YOUR INSTRUCTIONS: Records follow. Print exactly the lines from the one that has "que se documenta" through the one that has "Raised in our", inclusive, and omit the pictures.

LISTED RECORDS:
..........

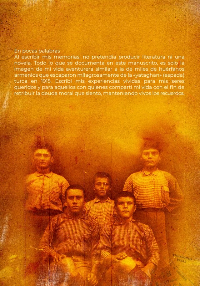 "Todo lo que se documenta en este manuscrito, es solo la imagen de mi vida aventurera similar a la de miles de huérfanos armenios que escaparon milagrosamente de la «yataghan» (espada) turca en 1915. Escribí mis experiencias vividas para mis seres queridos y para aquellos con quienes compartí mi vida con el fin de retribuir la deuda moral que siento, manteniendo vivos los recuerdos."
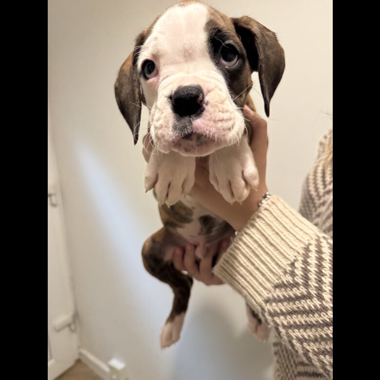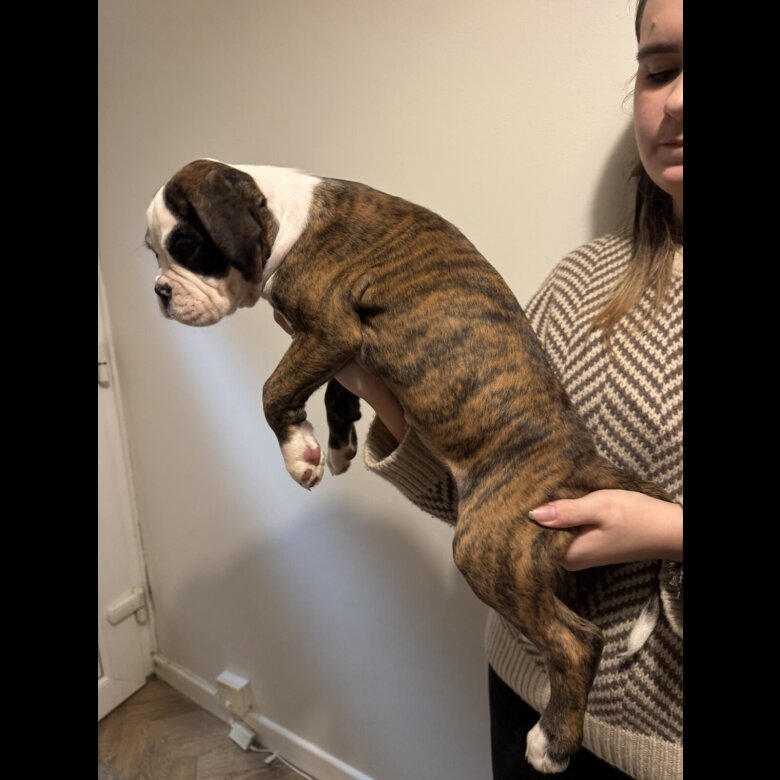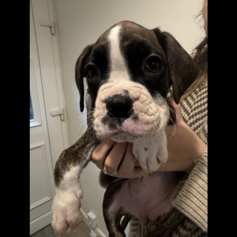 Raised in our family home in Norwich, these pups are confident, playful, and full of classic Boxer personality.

..........

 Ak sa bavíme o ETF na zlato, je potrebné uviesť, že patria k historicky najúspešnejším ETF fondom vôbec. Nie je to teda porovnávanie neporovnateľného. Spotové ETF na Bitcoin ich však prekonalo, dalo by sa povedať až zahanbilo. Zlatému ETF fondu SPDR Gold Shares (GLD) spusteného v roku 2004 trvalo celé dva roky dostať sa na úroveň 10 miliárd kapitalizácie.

..........

OUTPUT BELOW:
 "Todo lo que se documenta en este manuscrito, es solo la imagen de mi vida aventurera similar a la de miles de huérfanos armenios que escaparon milagrosamente de la «yataghan» (espada) turca en 1915. Escribí mis experiencias vividas para mis seres queridos y para aquellos con quienes compartí mi vida con el fin de retribuir la deuda moral que siento, manteniendo vivos los recuerdos."
 Raised in our family home in Norwich, these pups are confident, playful, and full of classic Boxer personality.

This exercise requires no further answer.